The ‘real’ reason Bayh is leaving
Actually, Indiana Sen. Evan Bayh made it perfectly and startlingly clear why he’s leaving Congress in the press conference he gave when he dropped that bombshell announcement. Washington is a mess, it’s broken, mired in partisan political bickering, and nothing’s getting done for the people. In fact, the business of running the nation’s affairs is just one more business that’s gone bankrupt.
Okay, he didn’t exactly say it like that. But he coyly said ‘I don’t love Washington.’ Join the club.
And he said more…
“For some time,” Bayh said, “I’ve had a growing conviction that Congress is not operating as it should. There is much too much partisanship and not enough progress; too much narrow ideology and not enough practical problem-solving. Even at a time of enormous national challenge, the people’s business is not getting done.”
“Bayh gave glaring examples of where things have fallen apart — the failure of the deficit reduction commission after seven co-sponsors of the bill voted No, and the failure of the bipartisan job creation bill that had Republican support but was torpedoed by Senate Majority Leader Harry Reid…”
….just to name a few.
This hit hard. News media scrambled not only to cover it but to quickly try to interpret it (as if it weren’t clear enough) and analyze what Bayh’s eloquent repudiation of Washington really means for both parties and the Obama administration.
And for some reason, they’re still focusing the lens on what they continue to refer to as the “real” reason Bayh wants out of Washington.
“The political retirement of Evan Bayh, at age 54, is being portrayed by various sages as a result of too much partisanship, or the Senate’s dysfunction, or even the systemic breakdown of American governance. Most of this is rationalization. The real story, of which Mr. Bayh’s frustration is merely the latest sign, is the failure once again of liberal governance.
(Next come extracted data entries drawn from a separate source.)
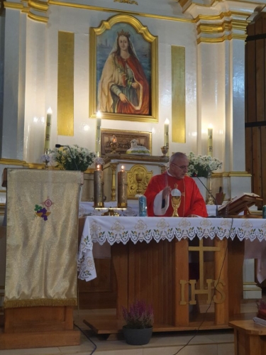 Ks. Proboszcz Tadeusz Pietrzyk odprawił Mszę wotywną ku czci św. Urszuli, a po niej zaprosił nas w gościnę do domu parafialnego.
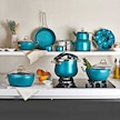 OMS 3519 Cam Kapaklı 16 Parça Granit Çeyiz Tencere Seti Mentol Ye
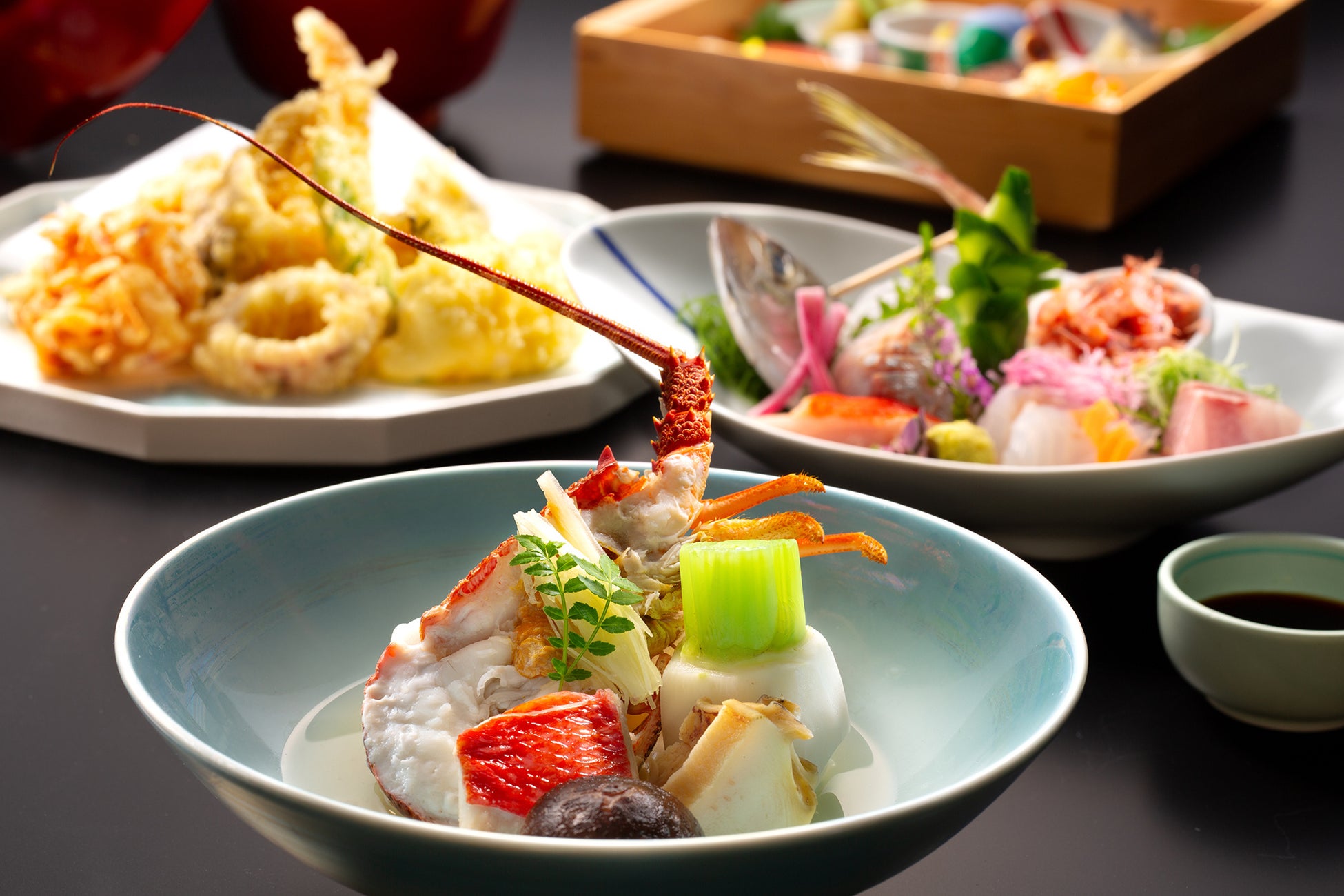 - 伊勢海老・金目鯛・鮑料理と揚げたて天ぷら食べ尽くしの和会席
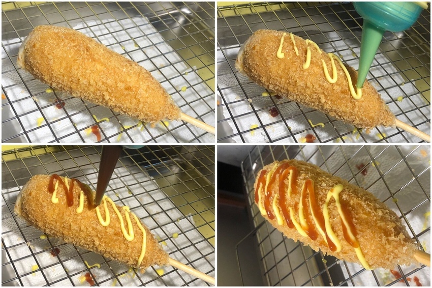趁剛出爐的熱狗還熱騰騰的時候到旁邊小平台淋沾醬
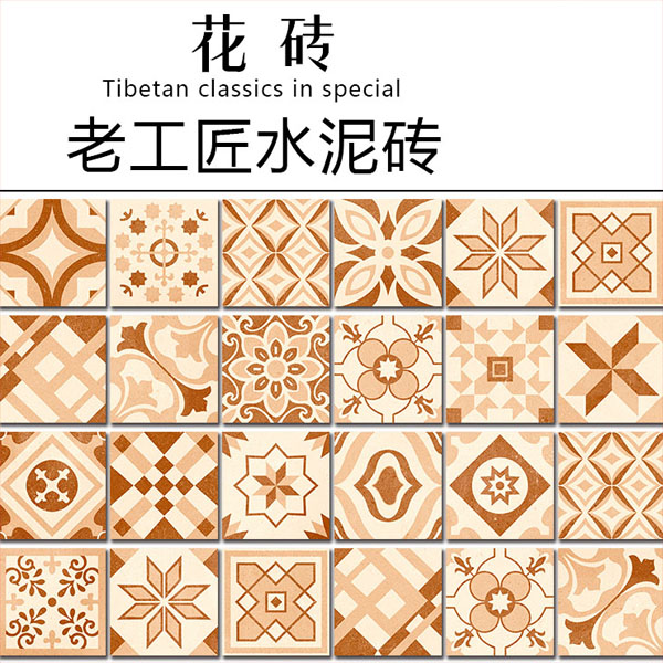 5Cgo 520678047059 藝術陶瓷磚仿古個水泥磚衛生間土黃色防滑牆磚復古磁磚地磚KTV包廂酒店會所走廊瓷磚貼地貼洗手間樓梯咖啡廳 CHX03700
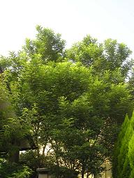 愉悠舎が建ったとき、このニセアカシアはまだ小さかった。それがいつの間にか10メートルほどに伸びている。この暑い時期にも新しい葉が生まれている。写真からも薄い黄緑色をした新緑が確認できる。
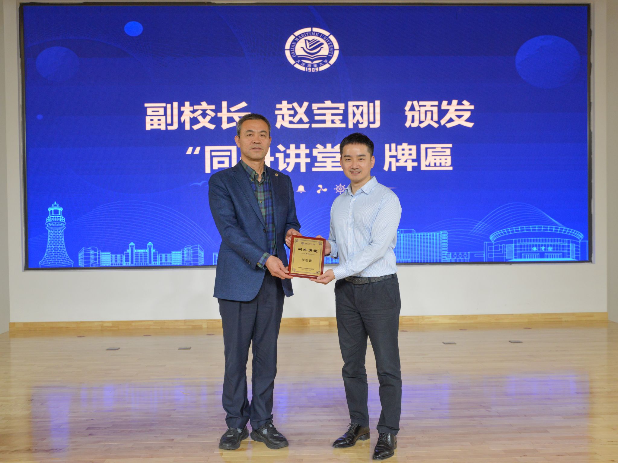 为感谢何志青校友对母校育人工作的支持,副校长赵宝刚代表学校为何志青校友颁发“海大讲坛”牌匾与船舶电气工程学院“同舟讲堂”纪念牌匾。两块牌匾不仅承载着母校与校友之间的深厚情谊,也象征着知识与精神的薪火相传。

“For the fourth time since the 1960s, American voters in 2008 gave Democrats overwhelming control of both Congress and the White House. Republicans haven’t had such large majorities since the 1920s. Yet once again, Democratic leaders have tried to govern the country from the left, only to find that their policies have hit a wall of practical and popular resistance.”
Washington has hit a wall, alright, but it’s at least temporarily blocked them from going over a cliff.
“You can see this in bankrupt Greece, where government spends 52% of GDP; or in California and New York, where the government-employee unions have pushed tax rates to punishing levels and the states still can’t pay their bills. Americans can see that this is where Mr. Obama’s agenda is also taking Washington, and this is why they are rejecting it.
***
“Can Mr. Obama still make a mid-course correction, a la Bill Clinton after 1994? Of course he can. What we don’t know is whether he has the political instincts and nerve to do so. As a creature of Chicago politics and the legal class, he has lived his entire life in precincts dominated by the political left. On the other hand, he says he is not “an ideologue.”
But then, he has said a lot of other things that didn’t turn out to be true.